__What you need to do__. Which lines run from the one containing "en pantallas públicas." through the end of the data? Write them out exactly, with the pictures left out.

__Dataset excerpt__.

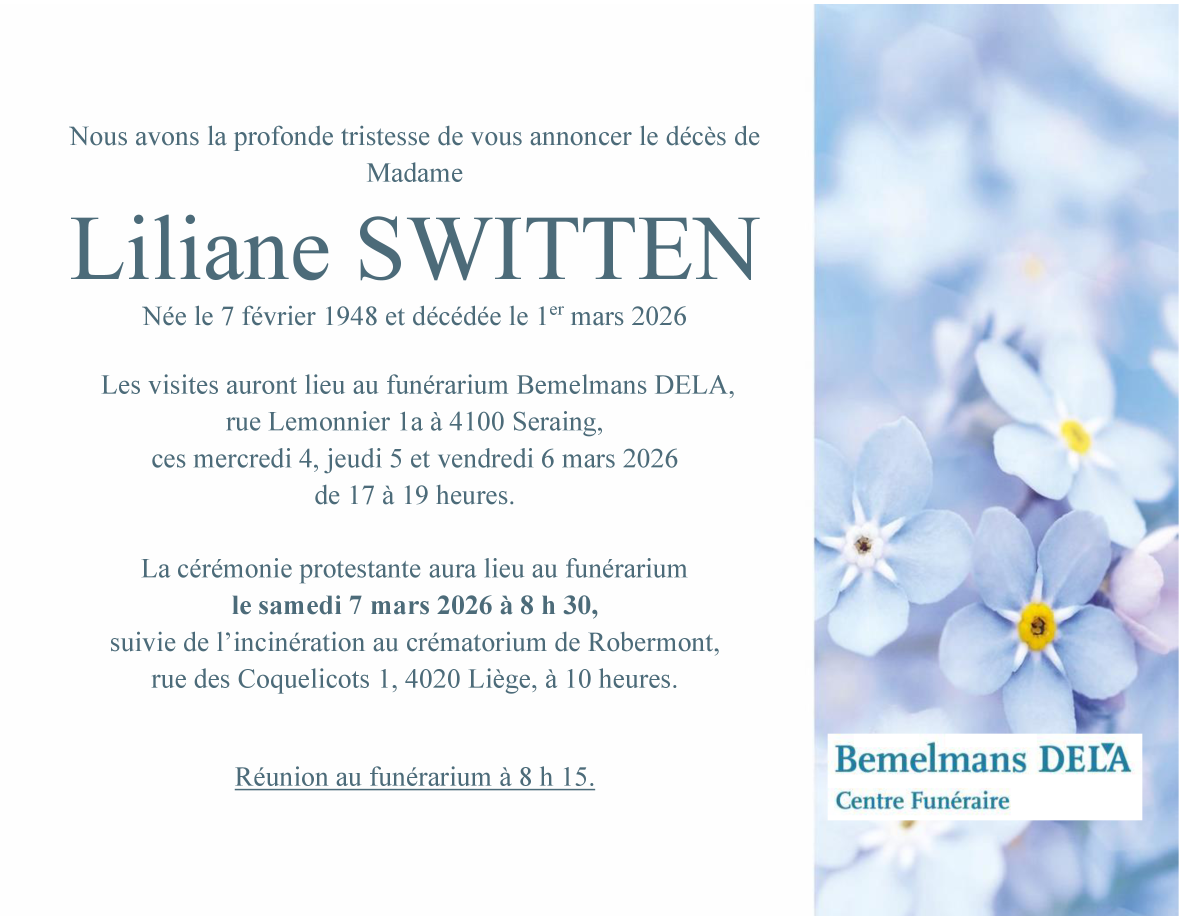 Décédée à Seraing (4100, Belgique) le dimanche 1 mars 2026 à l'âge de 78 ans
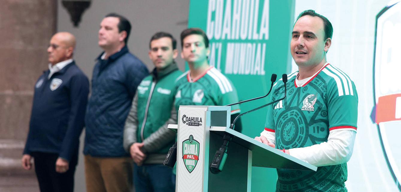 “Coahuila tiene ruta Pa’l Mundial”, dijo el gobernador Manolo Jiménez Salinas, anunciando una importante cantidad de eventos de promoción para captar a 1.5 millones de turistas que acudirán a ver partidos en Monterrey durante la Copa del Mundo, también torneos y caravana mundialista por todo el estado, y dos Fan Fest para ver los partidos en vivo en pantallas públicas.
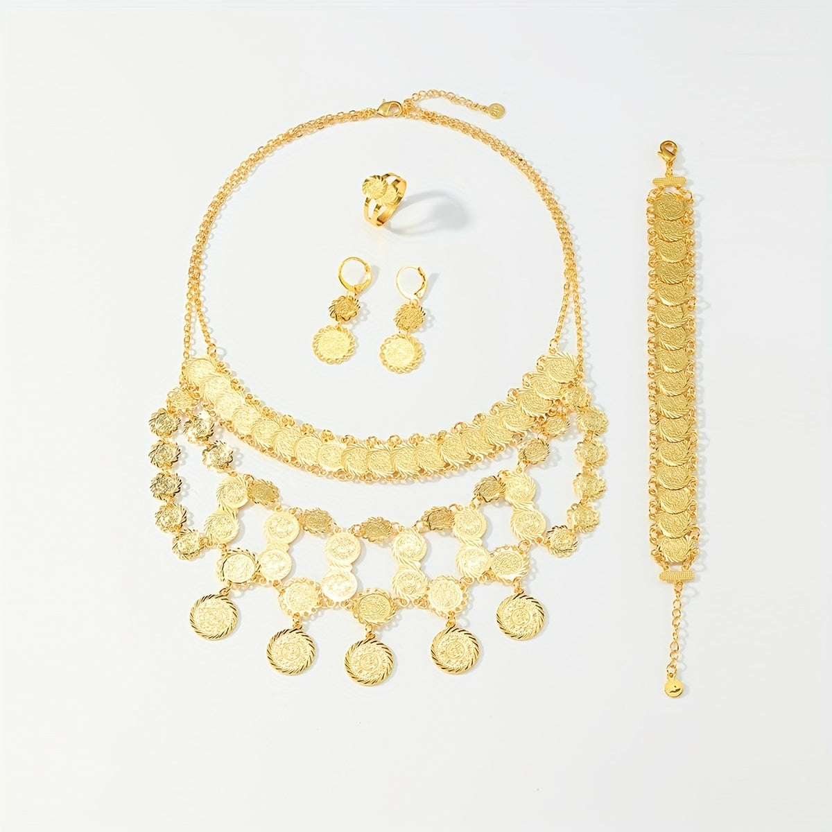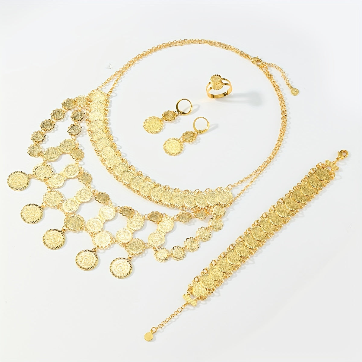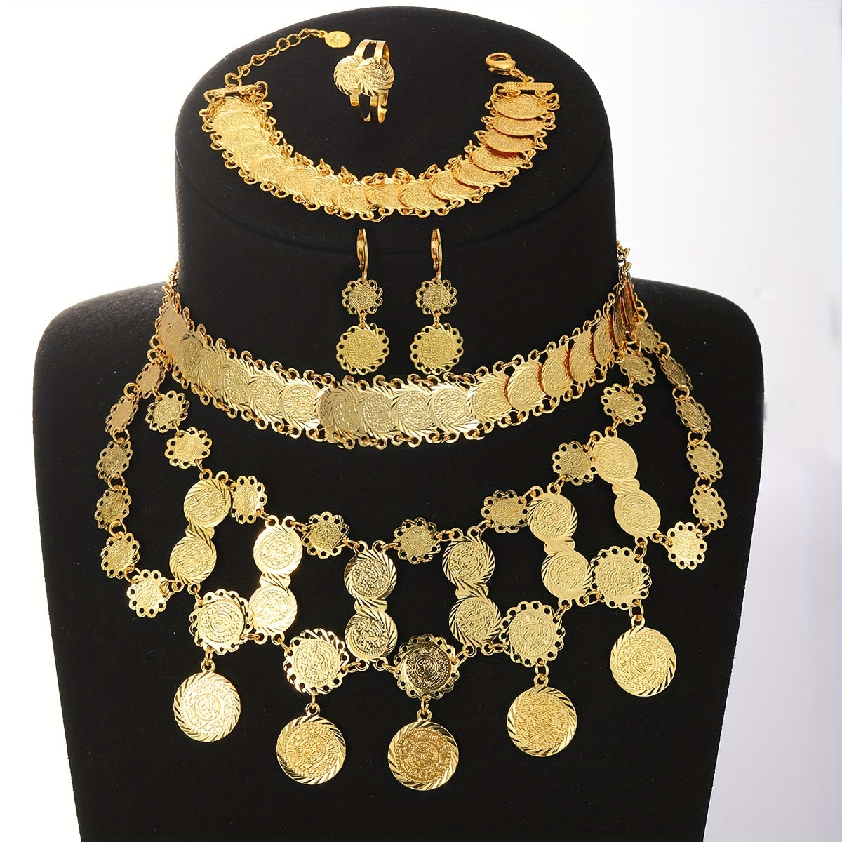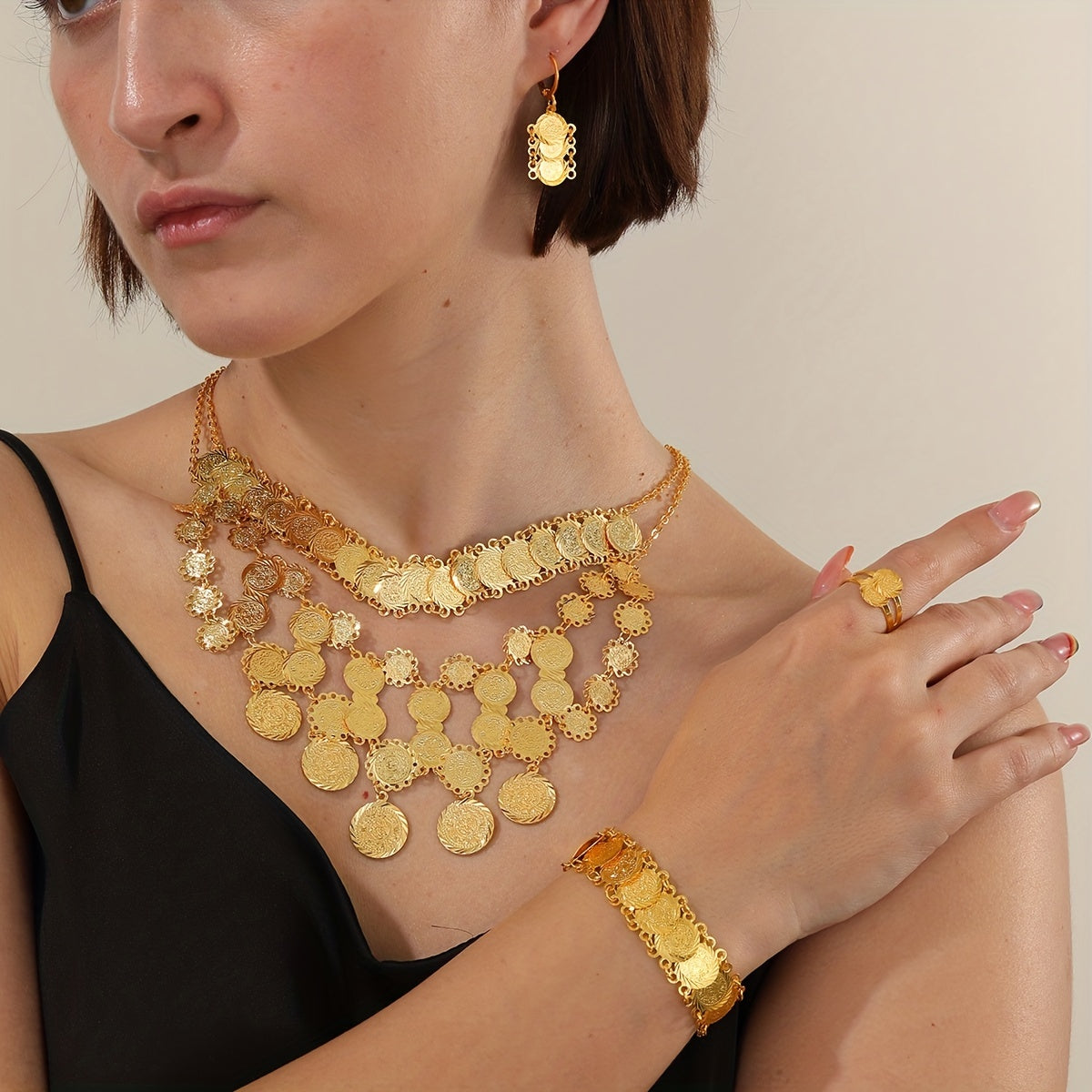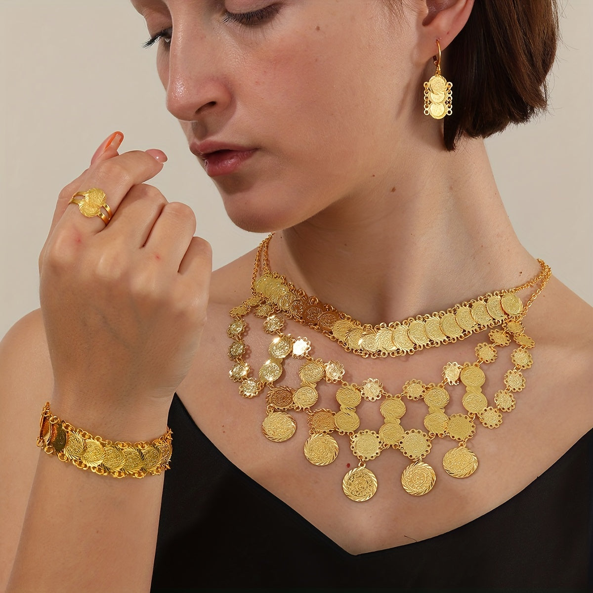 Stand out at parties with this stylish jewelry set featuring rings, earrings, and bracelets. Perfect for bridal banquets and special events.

__Answer section__.
 “Coahuila tiene ruta Pa’l Mundial”, dijo el gobernador Manolo Jiménez Salinas, anunciando una importante cantidad de eventos de promoción para captar a 1.5 millones de turistas que acudirán a ver partidos en Monterrey durante la Copa del Mundo, también torneos y caravana mundialista por todo el estado, y dos Fan Fest para ver los partidos en vivo en pantallas públicas.
 Stand out at parties with this stylish jewelry set featuring rings, earrings, and bracelets. Perfect for bridal banquets and special events.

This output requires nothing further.